Well – here’s hoping that anyone reading this blog is having way better summer vacations and way cooler road trips than me. When I was 19 I went on an awesome road trip, camping along the way, up to the Smoky Mountains. I have such good memories of that trip, the mountains were awesome and Asheville, North Carolina and Chattanooga, Tennessee were both bad-ass cities I stayed in over night. That part of the country isn’t Texas, and Texas is where my heart is at, but it’s some fine country too.

Peace everyone, stay cool. ~ Magnum

What do I have to be thankful for?

I am sitting here thinking about Thanksgiving which is this coming week and how much that was always a day that I have always enjoyed being with family. I will be missing all of it this year, but the past couple of years it seems that half of the time when it was a holiday or something I was in rehab somewhere anyway.

I am mailing this tomorrow, but no matter what day it gets there, if it gets there before, I want it to get posted the night before Thanksgiving, because I know that is the time when I will probably be thinking a lot about what I am missing on Thanksgiving, and maybe some of you will be too. So this is for all of us.

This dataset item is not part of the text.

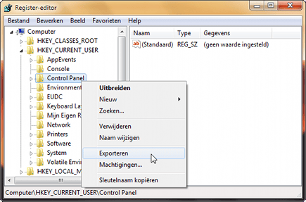 Wanneer u registerwaarden in een bepaalde sleutel wilt wijzigen, is het raadzaam deze sleutel eerst te exporteren. Op deze manier maakt u een back-up van de betreffende sleutel. Gaat er onverhoopt iets mis, dan kunt u dit eenvoudig herstellen door deze sleutel weer te importeren. U exporteert een sleutel door hem in het linkerdeelvenster van de Register-editor te selecteren. Via een rechtermuisklik of via het menu Bestand kiest u vervolgens Exporteren, en tenslotte slaat u het bestand op - bijvoorbeeld als backup.reg.
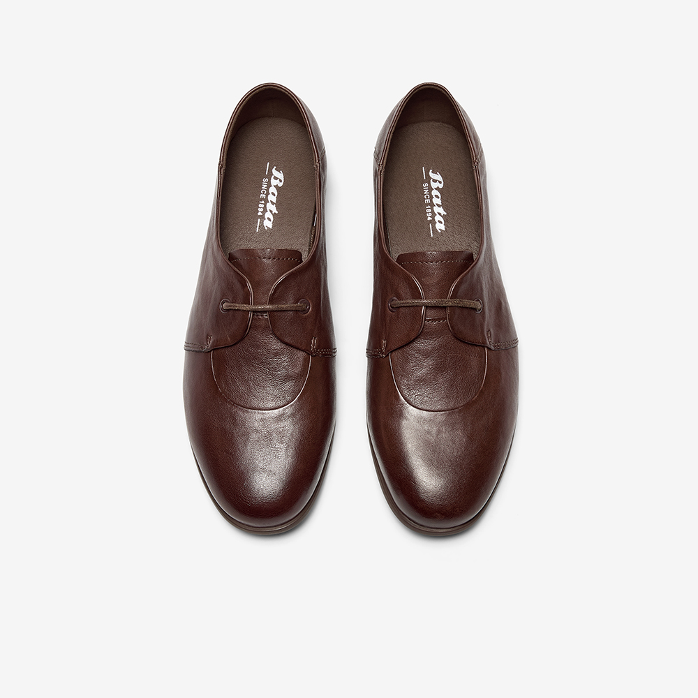 Bata深口单鞋女2025秋季新款百搭复古牛皮通勤牛津便鞋YR01DCM5

I see that a lot of mothers of inmates have been the ones that send me comments. A couple have told me I make them think of their own sons and daughters. When I think of my own mother I hope she is going to have a really good day tomorrow. I hope she cooks up a big turkey and all the sides and that she knows I would give anything to be there, heaping up my plateful. I hope after the meal there is nothing but huesos left (that is bones for those of you who don’t speak Spanish.). And I hope somebody helps do the dishes. I hope all of you do the same, and don’t spend too much time feeling sorry for us, your kids that are in prison. We are all OK.

Here in county nobody has said much but I am pretty sure we will get some kind of Thanksgiving meal tomorrow. And I also figure it more than likely isn’t going to be anything like the meals we are all missing at home. But it’s alright.

I for one don’t want to think about what got me here or what I am missing out on but more about what is going to get me back to the other side. I am going to be thankful I am given this opportunity to set new goals for myself and to spend some time getting right. I am thankful that by the time I get out of here I am going to be an uncle, and that my sister is feeling and doing good. I am thankful that I have at least a few people that have remembered I still exist and who care about me. I am thankful I have everything I need already, and now I have a chance to learn what to do with it.

I hope you all have something in mind to be thankful for too.